Loading...
Loading...
Speech recognition, text-to-speech, speaker identification, music classification, audio event detection
1,924 datasets
J-HARD-TTS-Eval is a benchmark dataset for evaluating autoregressive Japanese Text-To-Speech models. It focuses on specific failure modes including stability in short sequences, repetition handling, and context completion. The dataset was created by Parakeet-Inc and last updated in January 2026.
StrikerData is an audio dataset containing human speech, environmental noise, and other sound types. It was developed by Strikersoft for research and development in audio and speech technologies. The dataset was last updated on January 22, —.
7 stress-test categories of evaluation samples designed for calculating domain-wise Character Error Rate (CER) scores. The dataset contains unique sentence-language pairs to ensure clean metrics for Text-to-Speech (TTS) robustness testing.
Test_Music is a dataset hosted on Kaggle. The dataset's specific content, size, and origin are not detailed in the available metadata. Further details about the data's creation, scope, and structure require verification after download.
An audio dataset titled 'music-model-h5' is hosted on Kaggle. The dataset's specific content, size, and structure are not detailed in the provided metadata. Its platform tags suggest it is related to machine learning and audio processing.
DailyTalkEdit provides paired original and modified audio files from dialogues, with annotations for modified time ranges and semantic influence. The dataset, created by wsntxxn, was last updated on Hugging Face in February 2026. It includes separate audio segments for modified utterances and structured metadata files for training, validation, and testing splits.
A text dataset containing Bengali language content, likely annotated for hate speech detection. It is hosted on the Kaggle platform. The dataset's author, size, and specific annotation schema are not provided in the available metadata.
A GAMETES dataset for evaluating genetic association methods, focusing on heterogeneity. The dataset name indicates it contains 20 attributes and has a heritability parameter of 0.4.
RTTS_COCO is a dataset hosted on Kaggle. The title suggests it contains images related to road traffic and transportation scenes, likely formatted in the COCO annotation style. Its specific contents, scale, and origin require verification after download.
NASA ASRS raw batch export from the DFOnline system, intended as input for an ETL pipeline. The dataset covers aviation safety reports submitted over a 20-year period from 2005 to 2025. Its specific contents, such as report narratives or coded fields, must be inferred from the source system.
Indic TTS Checkpoint Session3 is a dataset published on Kaggle. The title suggests it contains model checkpoint files for a text-to-speech system focused on Indic languages. The dataset's specific content, size, and structure require verification after download due to minimal provided metadata.
Indic TTS Merged Arrow is a dataset published on Kaggle. The title suggests it contains data for text-to-speech synthesis, likely for languages from the Indian subcontinent. Metadata is minimal; the actual content, scale, and structure require verification after download.
100 female voice audio clips generated using Qwen3-TTS, based on the public-domain ITA-Corpus Emotion text dataset. The audio is provided in 24kHz mono WAV format, with each voice having a descriptive label.
Speech recognition data published on Kaggle. The dataset's specific content, scale, and origin are not detailed in the available metadata. Further inspection after download is required to confirm the actual audio files, transcripts, and recording conditions.
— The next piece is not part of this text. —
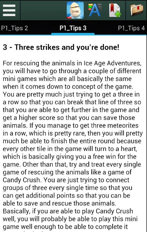 Guide Ice Age Adventures, will help you in all your endeavors, from the very beginning to the victorious end! Guide Ice Age Adventures are the secrets, hidden levels, tips, description, passing and much more without which just did not become the best in the world! Now you can with this app!

An audio dataset titled 'Real World Noise/Music' is hosted on Kaggle. The dataset likely contains recordings of environmental noise and music for analysis. Metadata such as column details, size, and license are currently unknown.
Sam Wake Word is a dataset uploaded to Hugging Face by author sh1vam10. The dataset's platform tags indicate it contains audio and text modalities, likely for wake word or keyword spotting tasks. It was last updated on March 20, 2026.
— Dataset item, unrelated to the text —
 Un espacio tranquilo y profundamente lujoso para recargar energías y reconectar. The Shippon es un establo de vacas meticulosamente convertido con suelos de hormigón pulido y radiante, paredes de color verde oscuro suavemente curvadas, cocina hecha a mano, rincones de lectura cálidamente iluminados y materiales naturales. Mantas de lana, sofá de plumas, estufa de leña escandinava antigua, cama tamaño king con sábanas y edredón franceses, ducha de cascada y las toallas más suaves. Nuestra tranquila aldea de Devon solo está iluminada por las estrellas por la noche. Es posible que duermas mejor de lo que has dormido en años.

TAPS: Throat and Acoustic Paired Speech Dataset is a standardized corpus for deep learning-based speech enhancement, specifically targeting throat microphone recordings. The dataset provides paired recordings from 60 native Korean speakers, designed to address the high-frequency attenuation in throat mics caused by the low-pass filtering effect of skin and tissue.
Kaggle hosts a dataset titled 'music_file'. The dataset likely contains audio files related to music. Metadata is minimal; the specific content, scale, and origin require verification after download.
Audio recordings of general utterances feature Hindi speakers from India. The dataset's size, collection date, and creator are not specified in the provided metadata. It is hosted on the Kaggle platform.
A collection of French-language audio recordings from a medical call center. The dataset is hosted on Kaggle and is intended for speech processing tasks in the healthcare sector. Specific details on size, creation date, and authorship are not provided.